6.Ambtshalve opmerking over de redelijke termijn

6.1
Ambtshalve wijs ik op de redelijke termijn in cassatie. Het cassatieberoep is ingesteld op 14 februari 2023. Dit betekent dat de redelijke termijn van berechting zoals bedoeld in art. 6 lid 1 EVRM overschreden zal zijn wanneer de Hoge Raad uitspraak zal doen.
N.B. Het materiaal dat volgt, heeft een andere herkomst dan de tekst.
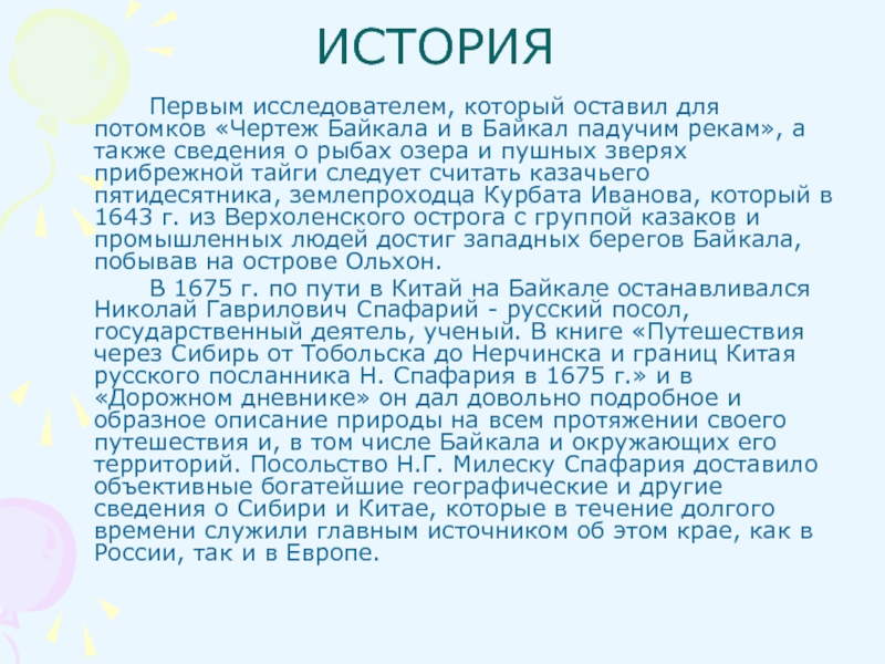 В 1675 г. по пути в Китай на Байкале останавливался Николай Гаврилович Спафарий - русский посол, государственный деятель, ученый. В книге «Путешествия через Сибирь от Тобольска до Нерчинска и границ Китая русского посланника Н. Спафария в 1675 г.» и в «Дорожном дневнике» он дал довольно подробное и образное описание природы на всем протяжении своего путешествия и, в том числе Байкала и окружающих его территорий. Посольство Н.Г. Милеску Спафария доставило объективные богатейшие географические и другие сведения о Сибири и Китае, которые в течение долгого времени служили главным источником об этом крае, как в России, так и в Европе.

Indien de middelen niet slagen, dient dit te leiden tot strafvermindering in een mate die de Hoge Raad gepast zal voorkomen. [2]

7.Conclusie

7.1
De middelen falen en kunnen worden afgedaan met de aan art. 81 lid 1 RO ontleende motivering.
7.2
Ambtshalve heb ik, behoudens hetgeen hiervoor is opgemerkt over de overschrijding van de redelijke termijn, geen gronden aangetroffen die tot vernietiging van de bestreden uitspraak aanleiding behoren te geven.
7.3
Deze conclusie strekt tot vernietiging van de bestreden uitspraak, maar uitsluitend wat betreft de strafoplegging, tot strafvermindering volgens de gebruikelijke maatstaf en tot verwerping van het beroep voor het overige.
De Procureur-Generaal
bij de Hoge Raad der Nederlanden
AG

Voetnoten

1.Op de pleitnotities staat de datum 25 januari 2022 vermeld. Ik ga ervan uit dat er een schrijffout is gemaakt in het jaartal en dat dit de pleitnotities zijn die op 25 januari 2023 zijn overgelegd.